L'UDC rejette catégoriquement cette extension des compétences et des possibilités d'intervention de la Commission de la concurrence.

4. Note concernant l'art. 1 al. 3

La révision de l'art. 1 al. 3 précise que même des activités commerciales effectuées par un service public sont soumises au principe de la liberté économique et entrent donc dans le champ d'application de cette loi.
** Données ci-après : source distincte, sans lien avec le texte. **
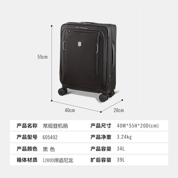 维氏(VICTORINOX)瑞士军刀沃克斯6.0旅行拉杆箱出行密码箱20吋可登机箱黑色605402
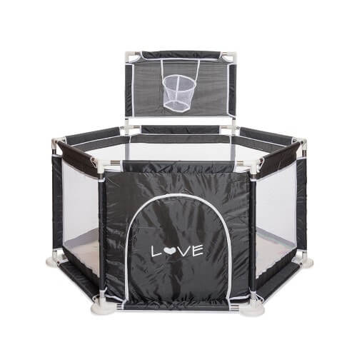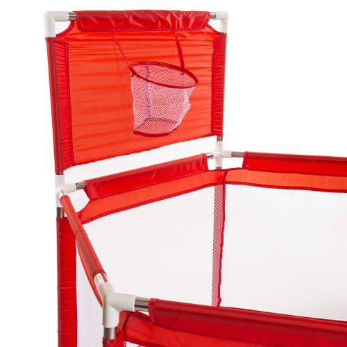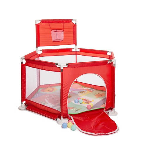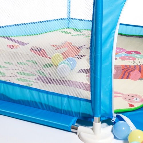 • Con pelotas, aro de básquet y una alfombra con diseños.
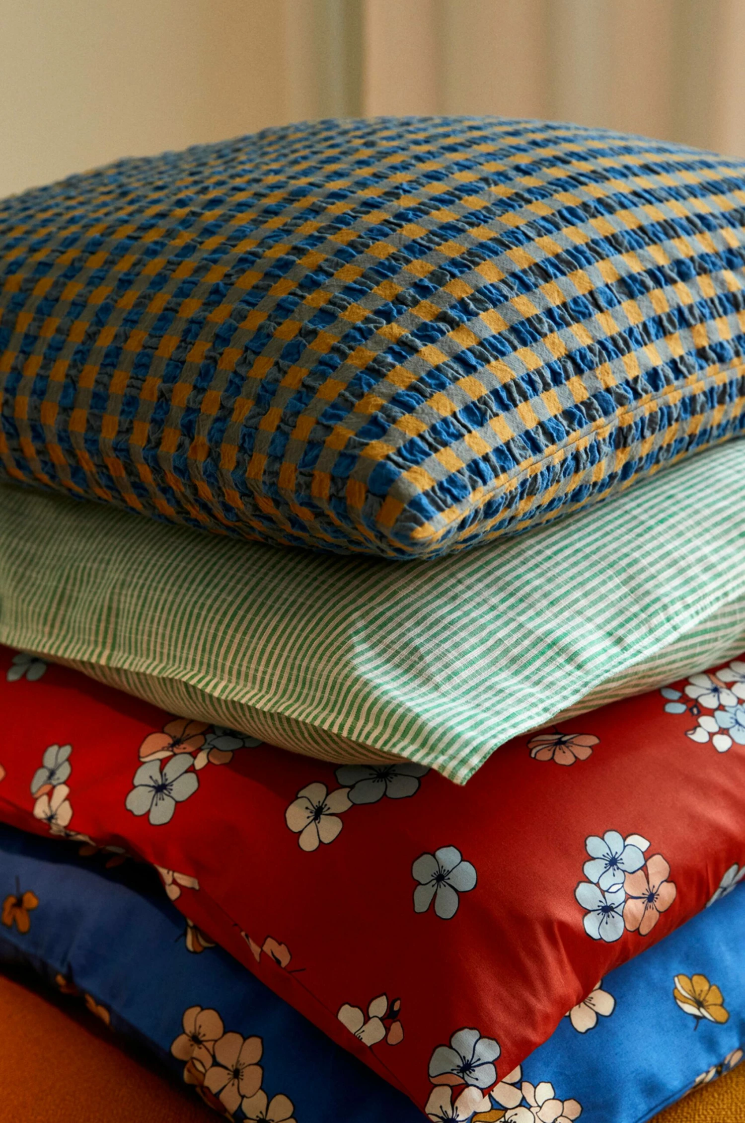 Det nya, rutiga bäddsetet från Bæk&Bølge har en varm, dämpad friskhet och samtidigt ett djup och ett lugn som påminner om en promenad i skogen eller på stranden en vacker höstdag. Det är gjord av 100 % ekologisk bomull, som är både OEKO-TEX®-märkt och GOTS-certifierad samt strykfri. Örngottet har kuvertstängning, medan påslakanet har knappar. Om du har flera olika JUNA-bäddset kan du mixa och matcha de olika färgerna och mönstren för att skapa din alldeles egna sovrumsstil.
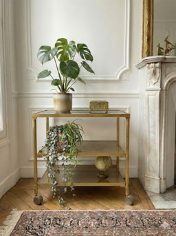 Carrello da portata vintage in ottone dorato e vetro su ruote, anni '60-'70
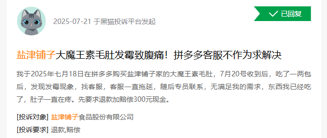 盐津铺子自主生产模式强调“品质可控”,但近年来其食品安全问题受到消费者关注。在黑猫投诉平台上,包含“盐津铺子”这一搜索词的投诉累计达768条。
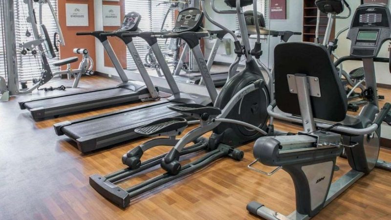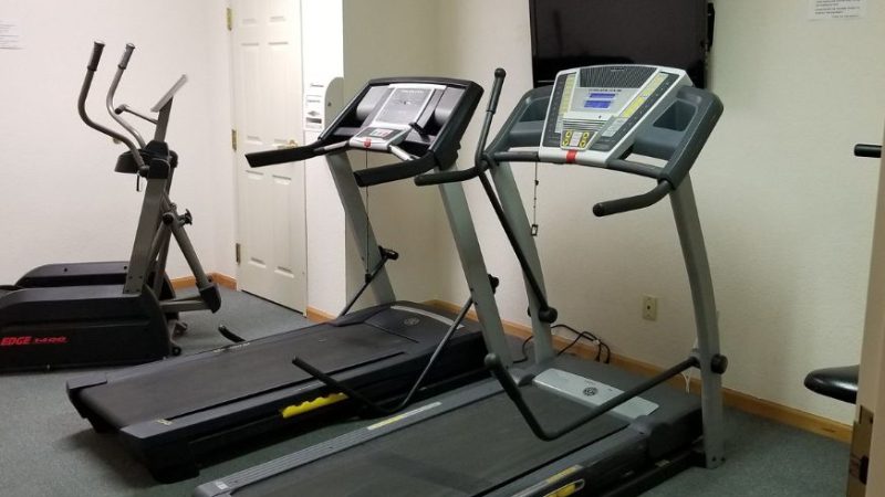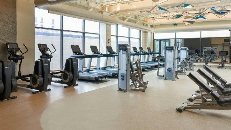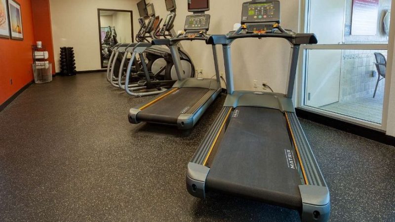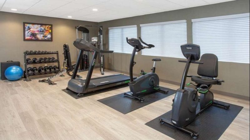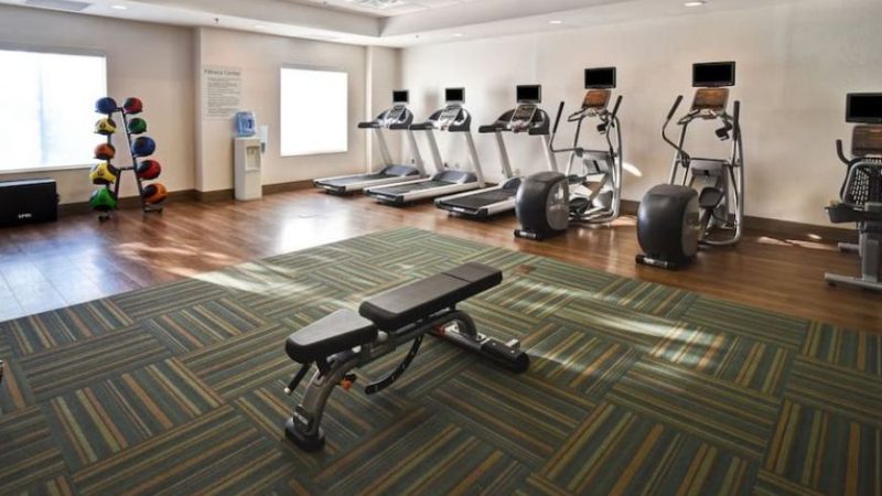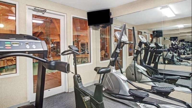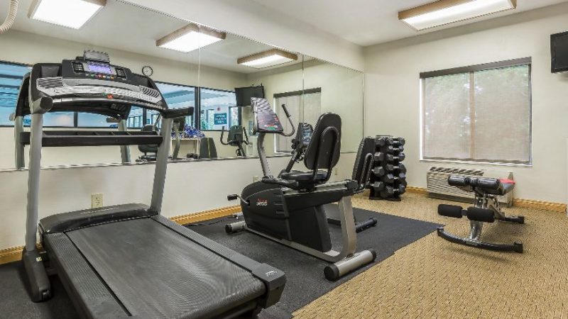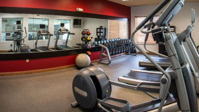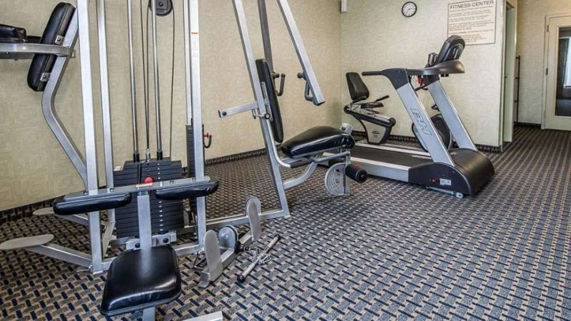 Which hotels with spa tub in room in Indiana have an on-site gym?
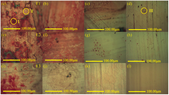 Optical microscope images of carbon films on copper foils at different ethanol flow rates and different heights with the growth time of 5 min: (a) 1.0 mL/min, 3.0 mm (E1-1); (b) 1.0 mL/min, 6.0 mm (E1-2); (c) 1.0 mL/min, 10.0 mm (E1-3); (d) 1.0 mL/min, 12.0 mm (E1-4); (e) 1.5 mL/min, 3.5 mm (E2-1); (f) 1.5 mL/min, 6.5 mm (E2-2); (g) 1.5 mL/min, 11.0 mm (E2-3); (h) 1.5 mL/min, 13.0 mm (E2-4); (i) 2.0 mL/min, 4.0 mm (E3-1); (j) 2.0 mL/min, 7.0 mm (E3-2); (k) 2.0 mL/min, 12.0 mm (E3-3); (l) 2.0 mL/min, 14.0 mm (E3-4).
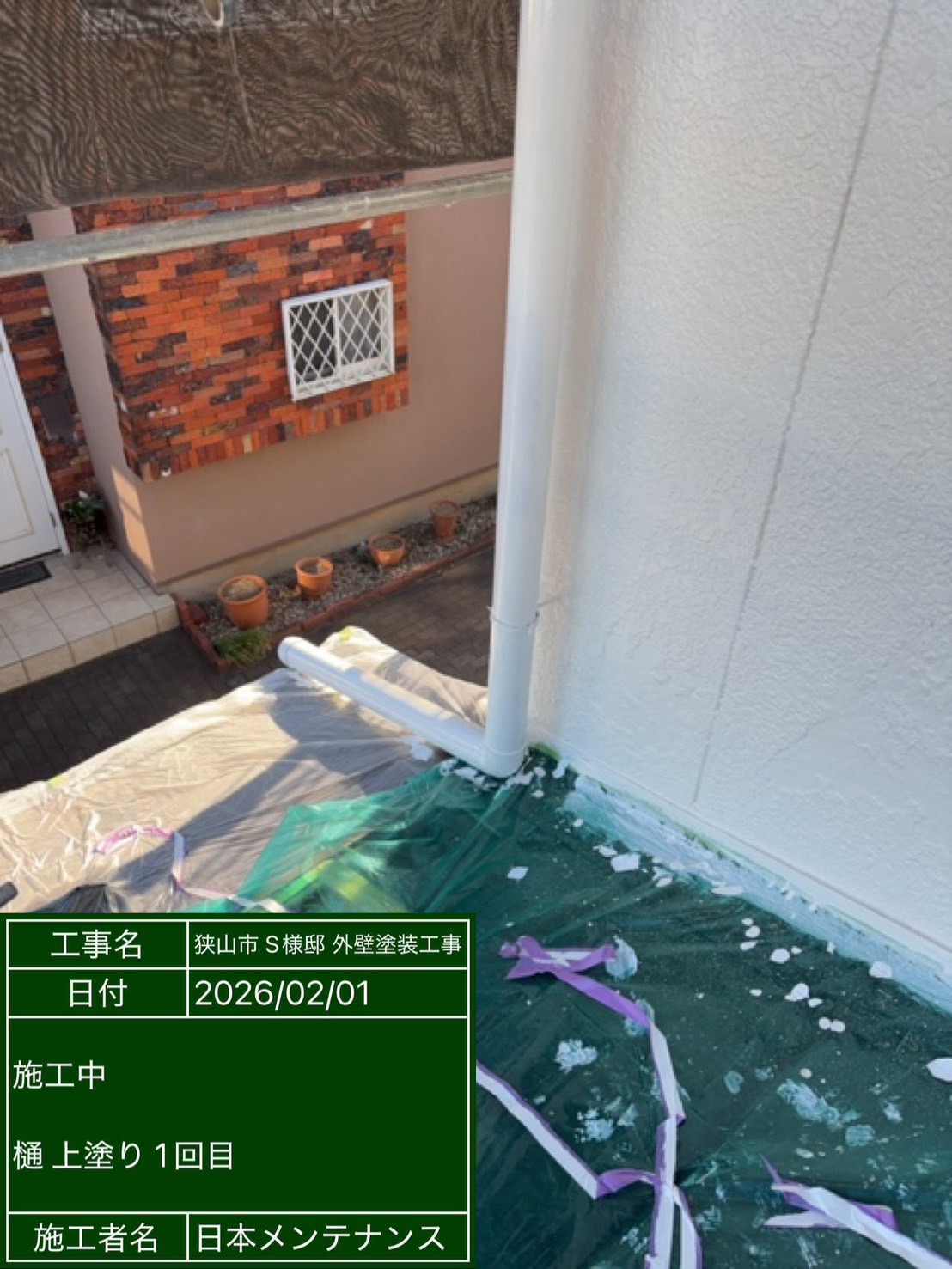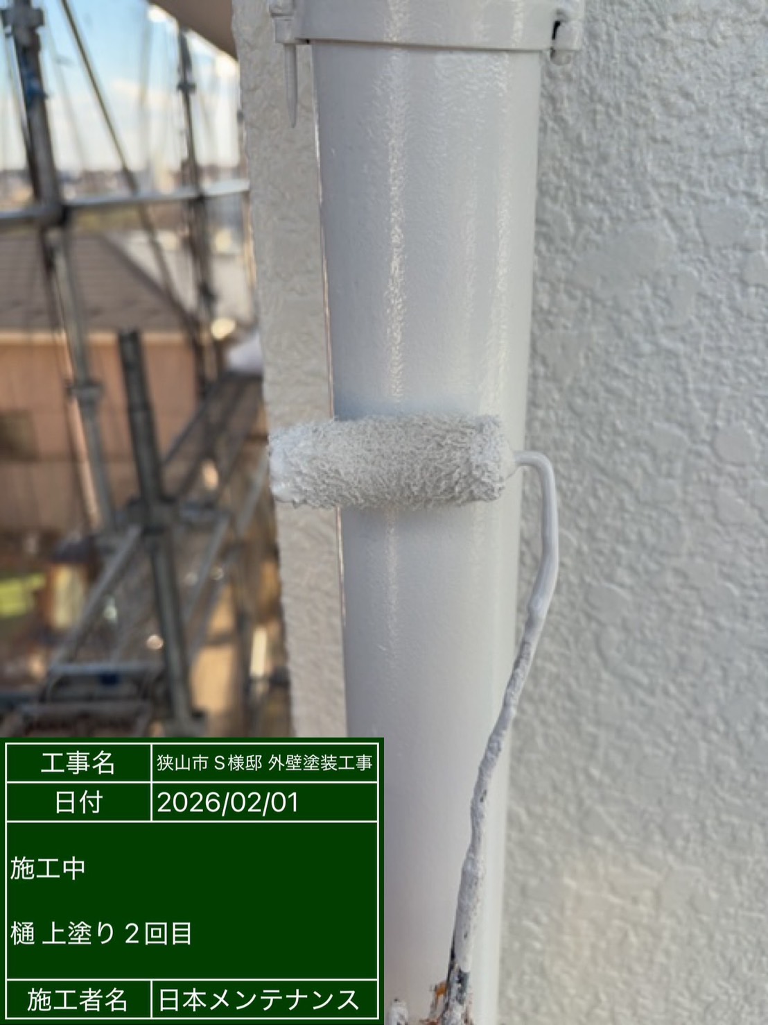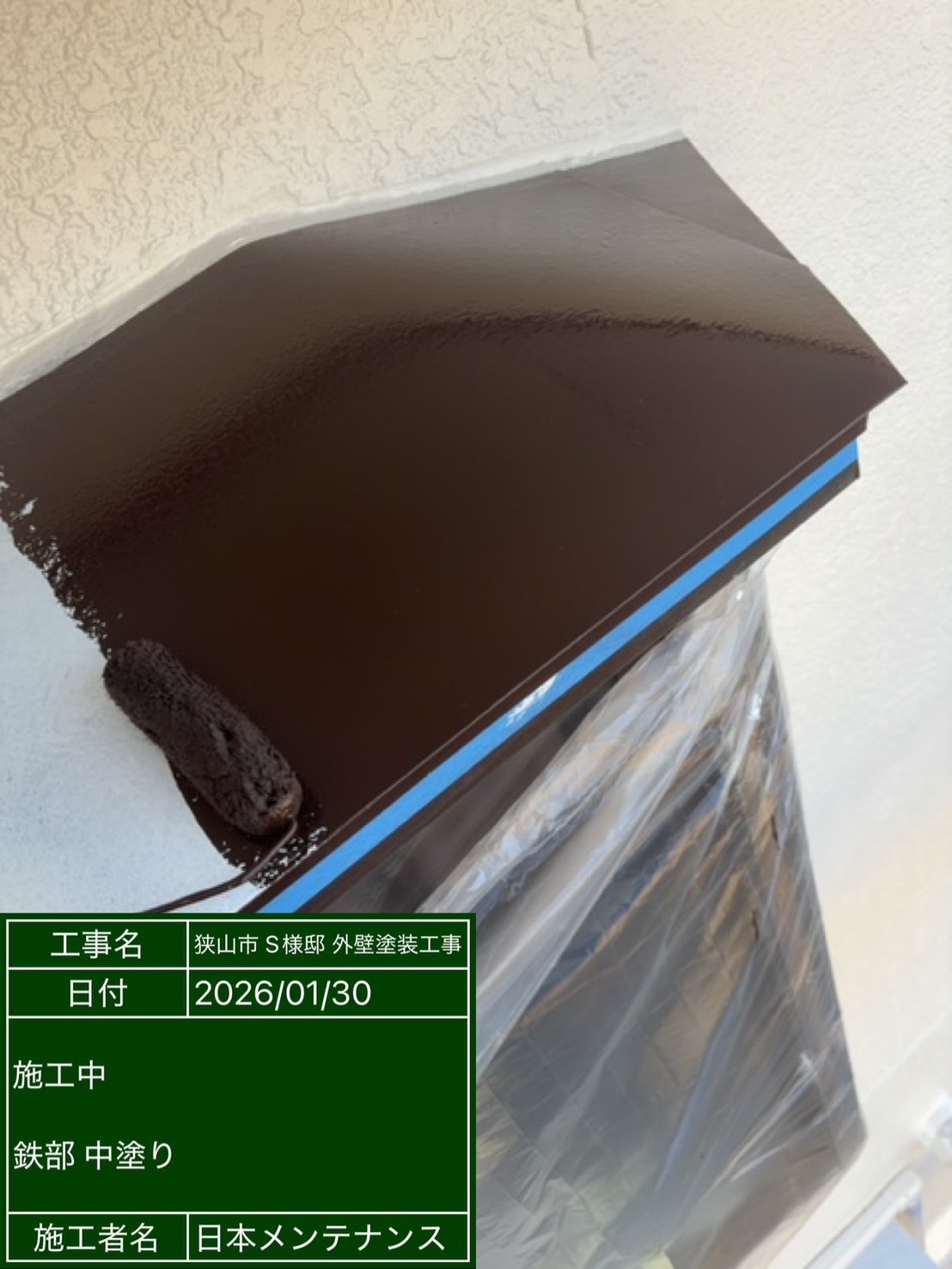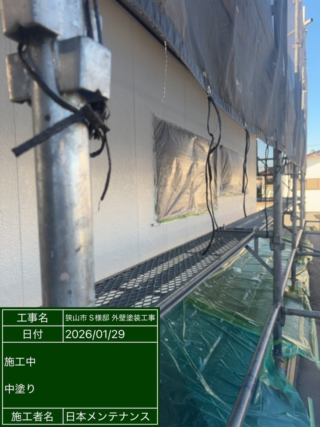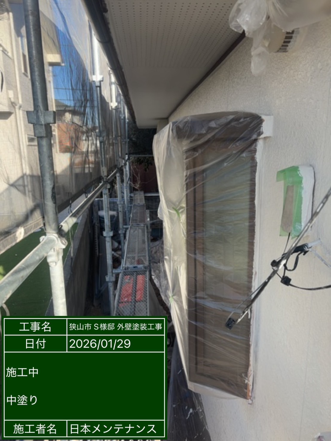 狭山市のS様邸で外壁中塗り、上塗り、鉄部下塗りを行いました!

A en croire les auteurs de cette réforme, cette modification répond à la nouvelle "doctrine constitutionnelle".

Nous tenons à relever à ce propos qu'à notre avis le principe de la liberté économique ne peut pas concerner les activités économiques des collectivités publiques puisque la liberté économique est précisément une garantie par rapport à l'Etat. Elle signifie, comme tous les autres droits fondamentaux, la liberté face à la contrainte de l'Etat. L'Etat et ses services sont donc les destinataires de ces principes de liberté, mais ils n'en sont pas les bénéficiaires. Partant de ce raisonnement, cette adaptation nous paraît douteuse.